[Dataset records]
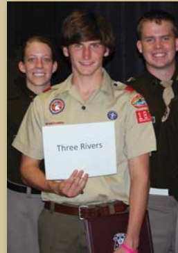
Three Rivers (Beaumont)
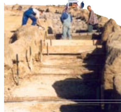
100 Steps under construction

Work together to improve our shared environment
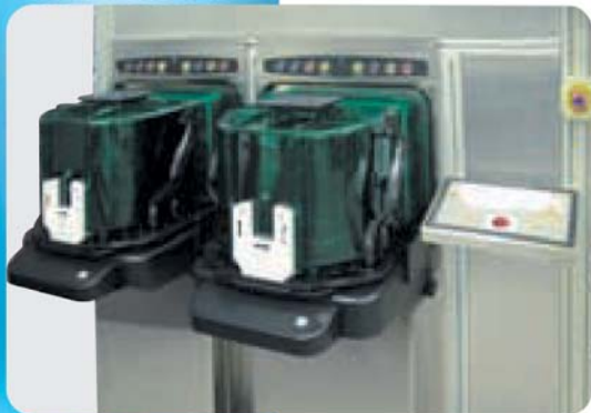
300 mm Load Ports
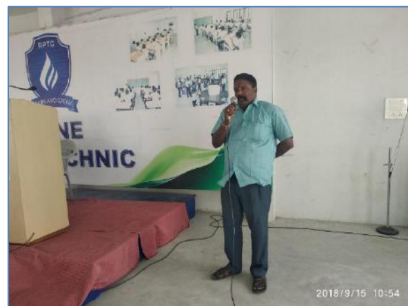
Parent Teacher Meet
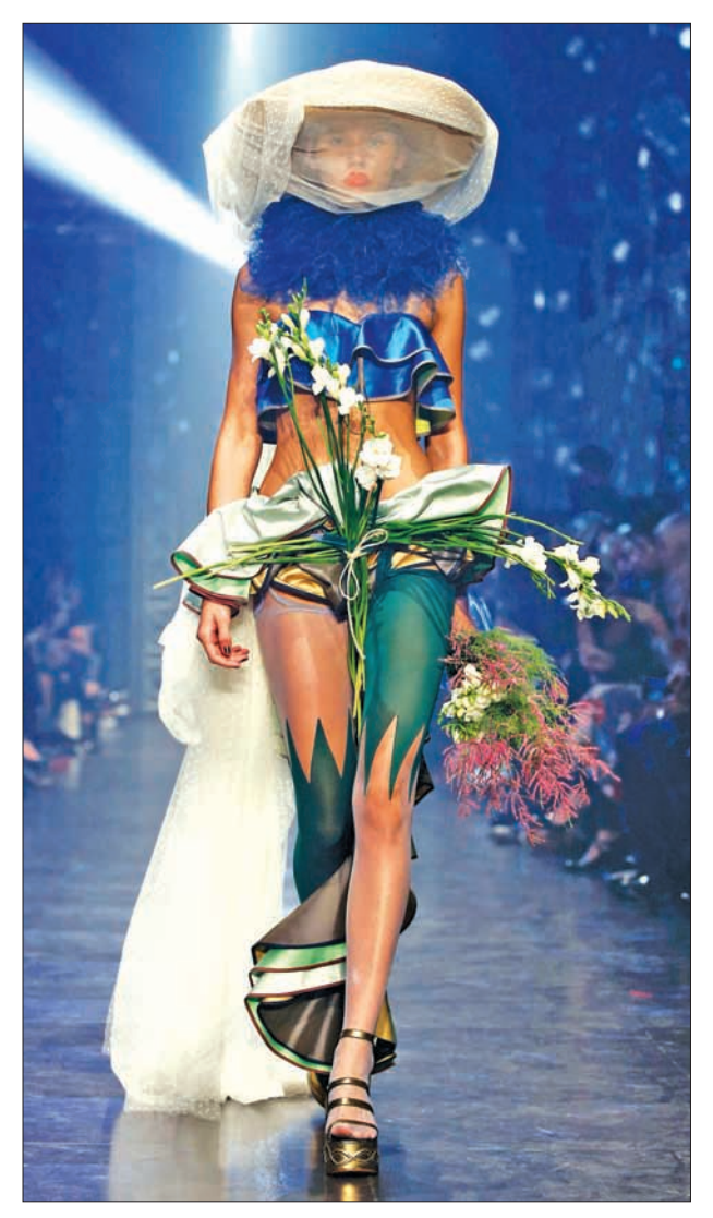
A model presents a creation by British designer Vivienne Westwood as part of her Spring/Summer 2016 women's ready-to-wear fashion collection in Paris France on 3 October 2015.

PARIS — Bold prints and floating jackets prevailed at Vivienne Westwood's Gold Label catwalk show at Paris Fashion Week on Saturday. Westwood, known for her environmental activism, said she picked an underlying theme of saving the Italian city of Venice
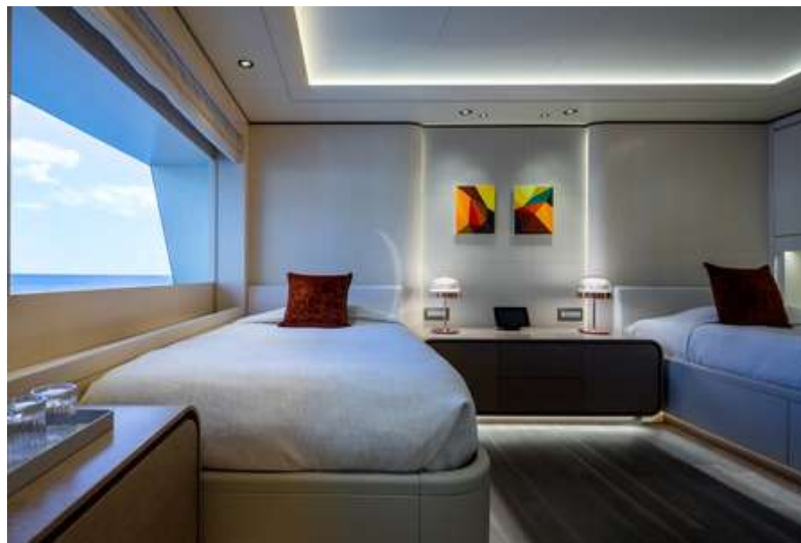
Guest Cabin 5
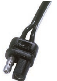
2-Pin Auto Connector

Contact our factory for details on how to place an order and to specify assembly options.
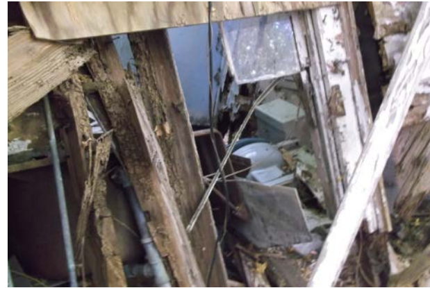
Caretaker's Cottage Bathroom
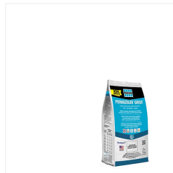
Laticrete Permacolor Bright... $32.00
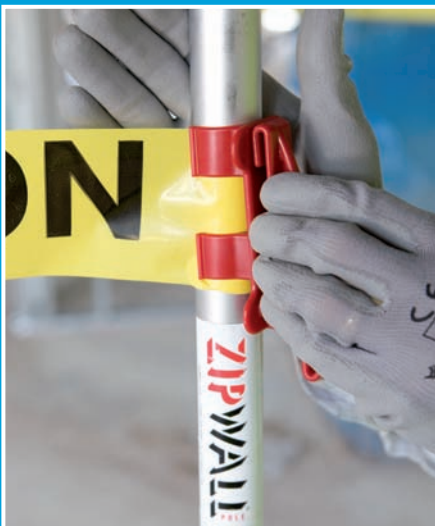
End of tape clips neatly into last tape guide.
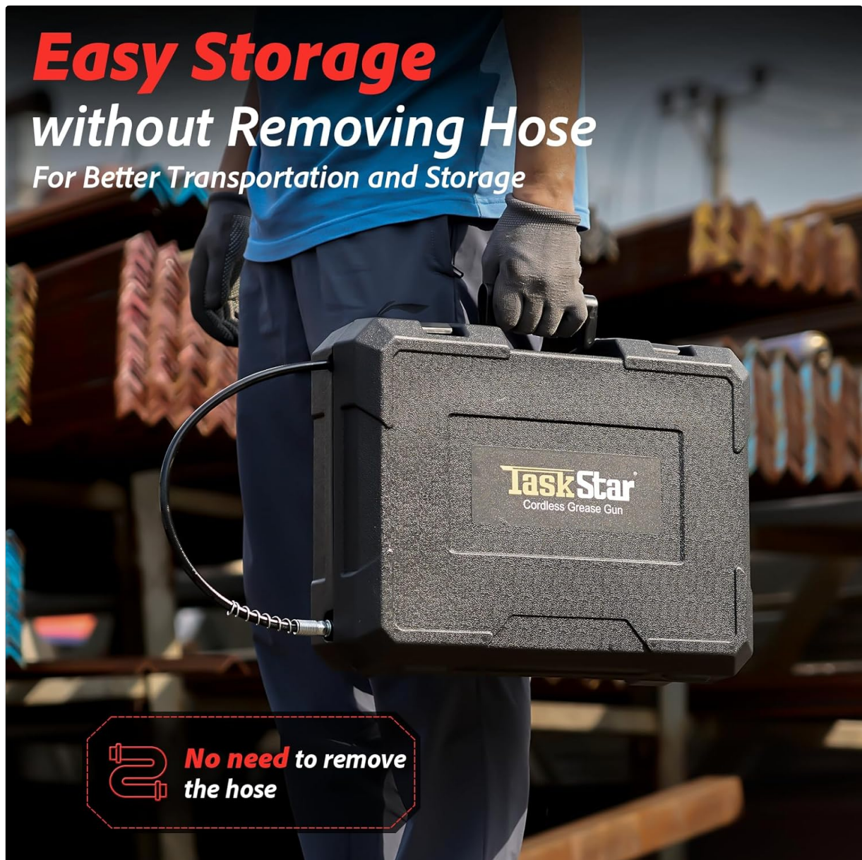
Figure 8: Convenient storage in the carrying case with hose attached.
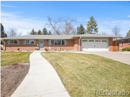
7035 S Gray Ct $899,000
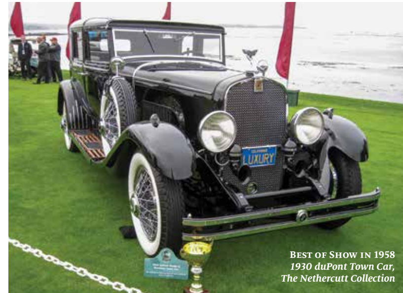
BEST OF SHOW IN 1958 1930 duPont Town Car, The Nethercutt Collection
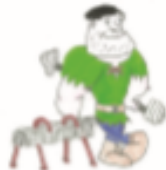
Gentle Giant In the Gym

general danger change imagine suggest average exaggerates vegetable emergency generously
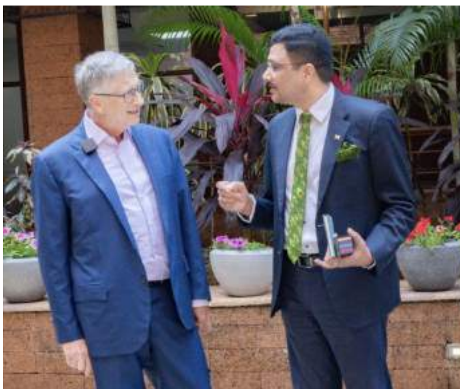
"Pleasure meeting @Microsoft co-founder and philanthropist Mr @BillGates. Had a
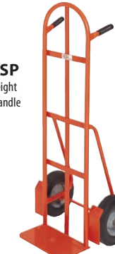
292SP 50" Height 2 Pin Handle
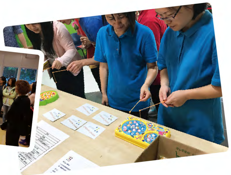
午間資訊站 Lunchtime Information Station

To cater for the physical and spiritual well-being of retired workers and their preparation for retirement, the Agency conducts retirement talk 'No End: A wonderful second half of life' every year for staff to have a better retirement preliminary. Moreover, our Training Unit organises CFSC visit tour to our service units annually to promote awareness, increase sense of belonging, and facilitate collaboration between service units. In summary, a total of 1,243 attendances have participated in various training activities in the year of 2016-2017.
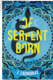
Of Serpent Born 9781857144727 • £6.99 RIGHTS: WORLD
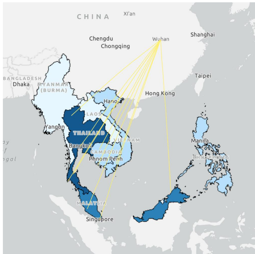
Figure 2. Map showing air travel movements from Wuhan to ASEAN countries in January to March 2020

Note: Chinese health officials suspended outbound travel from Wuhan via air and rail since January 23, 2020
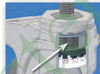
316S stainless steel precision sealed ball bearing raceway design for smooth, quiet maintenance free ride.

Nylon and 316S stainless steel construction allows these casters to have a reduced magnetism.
---
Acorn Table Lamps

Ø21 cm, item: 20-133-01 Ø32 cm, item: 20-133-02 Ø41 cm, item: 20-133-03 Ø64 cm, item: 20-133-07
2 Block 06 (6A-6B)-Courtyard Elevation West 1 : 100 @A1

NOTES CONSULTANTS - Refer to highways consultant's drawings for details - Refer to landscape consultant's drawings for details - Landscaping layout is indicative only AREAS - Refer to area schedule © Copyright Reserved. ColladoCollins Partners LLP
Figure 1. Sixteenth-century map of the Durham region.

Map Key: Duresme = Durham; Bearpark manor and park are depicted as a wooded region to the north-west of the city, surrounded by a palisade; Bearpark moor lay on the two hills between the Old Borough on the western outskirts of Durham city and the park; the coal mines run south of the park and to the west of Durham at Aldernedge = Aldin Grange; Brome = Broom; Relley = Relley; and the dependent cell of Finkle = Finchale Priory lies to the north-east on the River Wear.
* * *
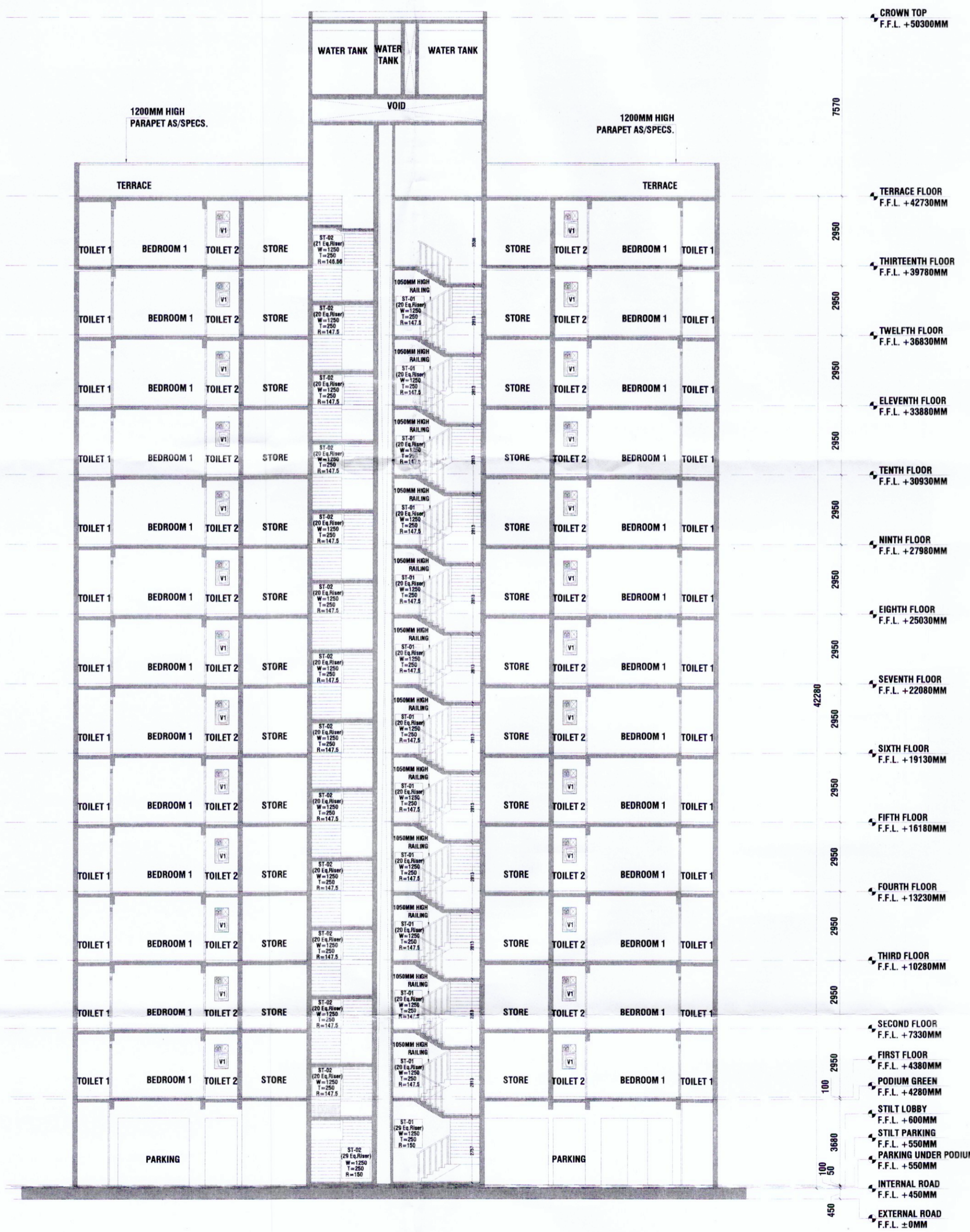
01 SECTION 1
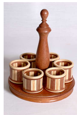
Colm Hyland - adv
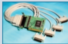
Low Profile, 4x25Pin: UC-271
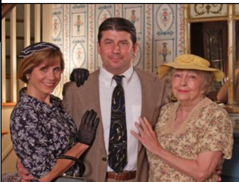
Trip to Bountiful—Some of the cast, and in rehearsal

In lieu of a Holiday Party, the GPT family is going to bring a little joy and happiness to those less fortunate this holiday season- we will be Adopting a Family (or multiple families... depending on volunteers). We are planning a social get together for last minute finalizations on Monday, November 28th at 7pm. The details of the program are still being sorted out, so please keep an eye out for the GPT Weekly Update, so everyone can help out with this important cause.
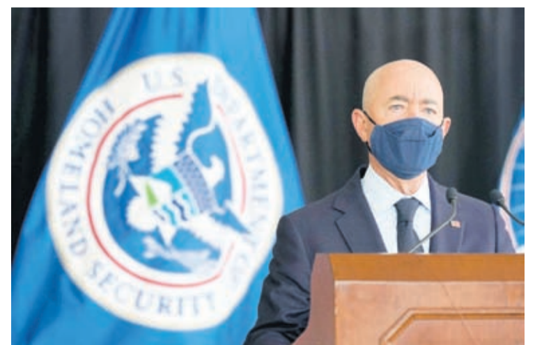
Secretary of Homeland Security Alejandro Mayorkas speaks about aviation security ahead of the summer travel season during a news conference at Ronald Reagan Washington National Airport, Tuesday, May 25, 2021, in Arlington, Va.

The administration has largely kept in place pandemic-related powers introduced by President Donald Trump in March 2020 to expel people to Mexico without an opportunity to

Work item: Copy nothing but the lines above from the one with "Figure 2. Map" to the one with "Nylon and 316S", inclusive, word for word. Leave every picture out.

Exercise solution:
Figure 2. Map showing air travel movements from Wuhan to ASEAN countries in January to March 2020

Note: Chinese health officials suspended outbound travel from Wuhan via air and rail since January 23, 2020
316S stainless steel precision sealed ball bearing raceway design for smooth, quiet maintenance free ride.

Nylon and 316S stainless steel construction allows these casters to have a reduced magnetism.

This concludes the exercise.